Kacey’s Story
Kacey’s Story
My daughter Kasey is 22 and was born with Microcephaly and Cerebral Palsy. She is not able to talk, feed herself, or walk so has a wheelchair and therefore needs fulltime care.
I remember the day I met Helen and Cathy. A Family support worker from IHC had talked to them about my family and how we were hoping for some regular shared care for Kasey. One fine Saturday we went out to their house to meet them. Kasey was 6 years old. We sat outside in the sun and the support worker talked about how Kasey was always dressed so lovely and wasn’t she cute. Little did they know that she could also have days when she grizzled all day which could really test your patience!
I was impressed by the fact that they had everything set up in their home, from an appropriate bed that Kasey wouldn’t fall out of, to clothes that she could wear when she was there and toys that were similar to the ones she had at home and were developmentally appropriate for her. Their house was wheelchair friendly with a ramp outside and now they also have an internal lift.
Helen arranged to come to my home to see Kasey being fed and to see how things were set up for her. Kasey was very difficult to feed and only a few people were able to feed her given the certain way she would let you do it.
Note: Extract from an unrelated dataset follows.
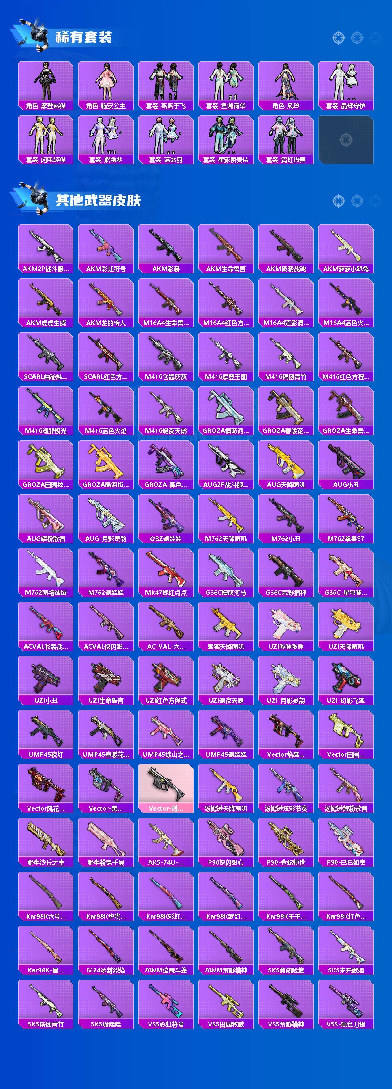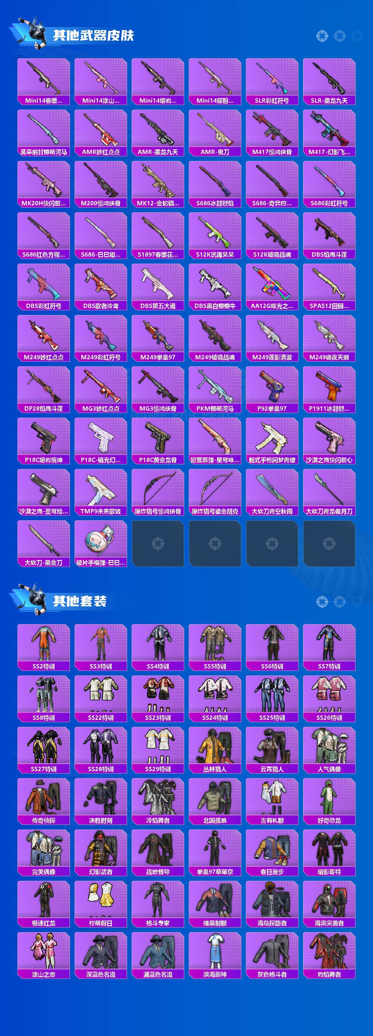 - [13036254]【2】总资产(M):145M/哈夫币(K):62846K/哈夫币(K):62846K/全面战场等级:50_段位:军士长/烽火地带等级:60_段位:黑鹰/红狼-蚀金玫瑰/露娜-黑·天际线/威龙-壮志凌云(S3)/蜂医-送葬人·无题密令(S5)/无名-夜鹰(S4)/深蓝-不破誓约(S6)/近战-黑鹰/K437突击步枪-私人定制/AWM狙击步枪-私人定制(典藏)/R93狙击步枪-常青藤/AKS-74U突击步枪-马赛克涂装/M4A1突击步枪-蚀金玫瑰/M4A1突击步枪-阿米娅/ASh-12战斗步枪-鹅鸭杀/M16A4突击步枪-狩猎时刻/AK-12突击步枪-夜鹰/SCAR-H战斗步枪-铁艺苍穹/G3战斗步枪-狩猎时刻/CAR-15突击步枪-黑鹰坠落/CAR-15突击步枪-阿米娅/腾龙突击步枪-捞点薯条/Vector冲锋枪-狩猎时刻/SMG45冲锋枪-骑士/QCQ171冲锋枪-鹅鸭杀/725双管霰弹枪-送葬人-无题密令/M250通用机枪-骑士之心/QJB201轻机枪-鹅鸭杀/SR-25射手步枪-水墨云图/AWM狙击步枪-捞点薯条/93R-捞点薯条/复合弓-黑-天际线/M4A1突击步枪-竞技风/M4A1突击步枪-特勤执行/AKM突击步枪-林中猎手/QBZ95-1突击步枪-曙光/QBZ95-1突击步枪-ACE/Ash-12战斗步枪-守夜人/M16A4突击步枪-竞赛选手/AUG突击步枪-蝮蛇/AUG突击步枪-特勤执行/M7战斗步枪-禁卫/SG552突击步枪-尖端治疗/SG552突击步枪-深海恐惧/SCAR-H战斗步枪-囚徒/G3战斗步枪-战场英杰/PTR-32突击步枪-ACE/AS Val突击步枪-刀锋/AS Val突击步枪-尖端治疗/AS Val突击步枪-典狱官/腾龙突击步枪-无垢/MP5冲锋枪-深海恐惧/Vector冲锋枪-阿萨拉文明/Vector冲锋枪-红色彗星/SR-3M紧凑突击步枪-英雄/SR-3M紧凑突击步枪-荒野求生/勇士冲锋枪-深海恐惧/MP7冲锋枪-无垢/M1014霰弹枪-林中猎手/S12K霰弹枪-曙光/PKM通用机枪-蝮蛇/PKM通用机枪-守夜人/PKM通用机枪-荒野求生/M250通用机枪-囚徒/SVD狙击步枪-阿萨拉工艺/SVD狙击步枪-暗夜猎手/SVD狙击步枪-荒野求生/M14射手步枪-黑鹰坠落/M14射手步枪-禁卫/SKS射手步枪-ACE/SR-25射手步
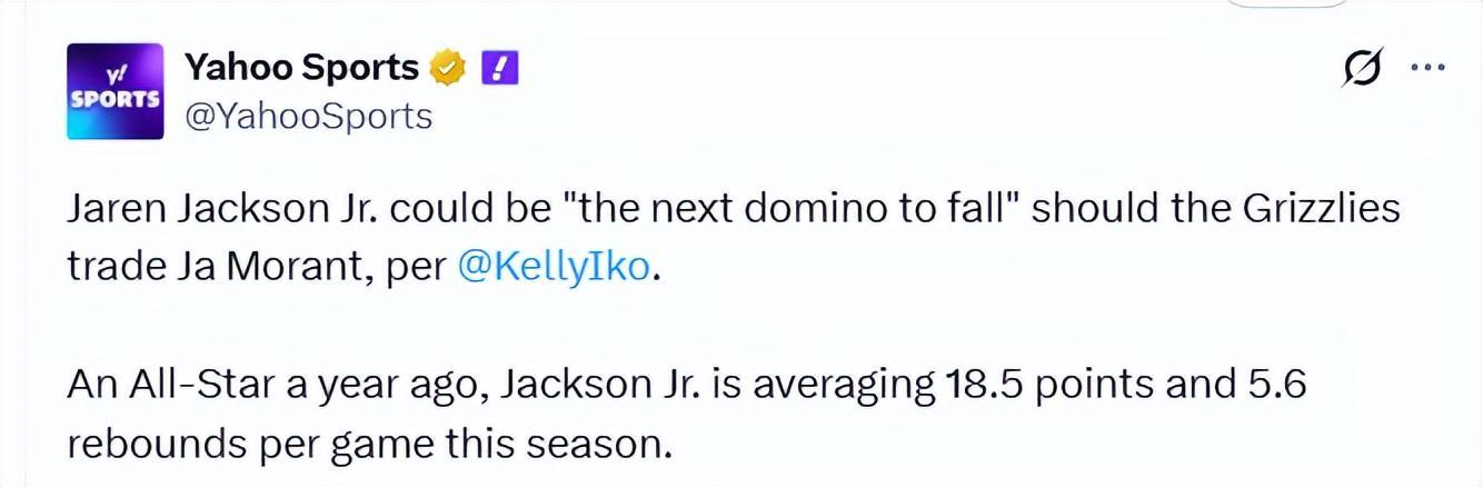 北京时间1月13日,据名记Kelly Iko报道,鉴于考沃德、扎克-伊迪、杰伦-威尔斯和卡姆-斯宾塞等年轻球员的亮眼表现,灰熊管理层决心将建队重心转向培养新人。在与其他球队高管交流时,一种观点逐渐升温:即便灰熊坚称小贾伦-杰克逊是球队未来的核心,且他的球风与莫兰特形成鲜明互补,但如果莫兰特的交易最终达成,小杰克逊可能会成为下一个被摆上货架的球员。

There were certain things that would make her resist eating and drinking and it was important that whoever was feeding her wouldn’t undo all the hard work that had gone into making eating a good experience for her. It had taken years of coaxing to get her to eat.
Having Helen come a few times to do this gave me the confidence I needed for her to care for Kasey at her house. I was able to tell her about all the things that were important to Kasey, such as all the routines for her personal care, medication that she needed, how she was entertained, but most of all the eating and drinking.
Kasey did not have her gastrostomy when she first went to KaraHands, and she could only drink from a bottle. She had to be coaxed into drinking every bottle – holding her in a certain position and being really persistent. If she didn’t get enough to drink, she would get dehydrated and end up in hospital, especially if she had a cold or was feeling unwell, she would refuse to eat or drink and so just getting Kasey to do either took up a huge part of the day. You would only just get one mealtime out of the way, or one bottle and it would be time for the next. Perseverance was so important as Kasey would be disinterested most of the time and for most people it was easy to give up and think she wasn’t hungry or thirsty.
Along with the feeding difficulties, Kasey was not very happy. She would grizzle a lot and sometimes this would be very high pitched and go on for a long time. Nothing seemed to work and even school would send home notes saying, “grizzled all day”. Kasey had two younger siblings, so life was very stressful, and I desperately craved for regular breaks but did not want to compromise Kasey’s care and I was very concerned about her getting the best of care if she went away somewhere.
Because of Helen and Cathy’s nursing experience they were familiar with a lot of Kasey’s needs, and they also had experience of looking after other young children who had high and complex medical needs. Kasey has Epilepsy and I was terrified that she would have a seizure which wouldn’t’ be noticed. I had a lot of anxiety around her health and wanted her to have the best care which included during the night, if necessary, as Kasey would wake up now and then uncovered or unhappy.
It soon became part of our lives with Kasey going to KaraHands and although initially I phoned them regularly when she was there, it didn’t take long for me to trust that she would be ok in their care. It meant I could also do other things with Kasey’s younger brother and sister and before long I had no worries about her during the time she was there. Helen and Cathy knew her so well and I had every confidence that she would be well looked after. She initially went for regular weekends then started going there during the week as well and the taxi would pick her up after school and take her out to their house. Because they had everything Kasey needed, I did not need to pack a bag for her which made life so much easier and was one less thing that would normally take some time if she was going anywhere else. Life was so busy then and things like this made a big difference.
As well as having regular breaks to look forward to without compromising Kasey’s care and wellbeing, I also shared many things along the way with Helen and Cathy. They soon became like my big sisters, and they were always there when I needed someone. They understood how difficult it could be through the hard times when Kasey was so unhappy. Kasey is a lot happier now, but we often talk about those dark times that really tested us all.
There are some significant things that stand out such as when my mother died suddenly. Helen and Cathy were immediately there to care for Kasey which was the best thing for me at the time as well as my other children who were grieving.
Kasey regularly spent time at KaraHands until she was 21 and moved into her own home with her flatmates. Helen and Cathy still have contact with her now and often come to see her bringing some of her special friends with them. Kasey made many friends during her time spent at KaraHands and who are still friends now.
I believe in my heart that I would not have coped without the regular breaks from the busy routine with Kasey. To know that she was well cared for and loved made it possible for me to share her with them. Their friendship also kept me going through some of the times when I have really struggled, and we remain friends even though Kasey has left home.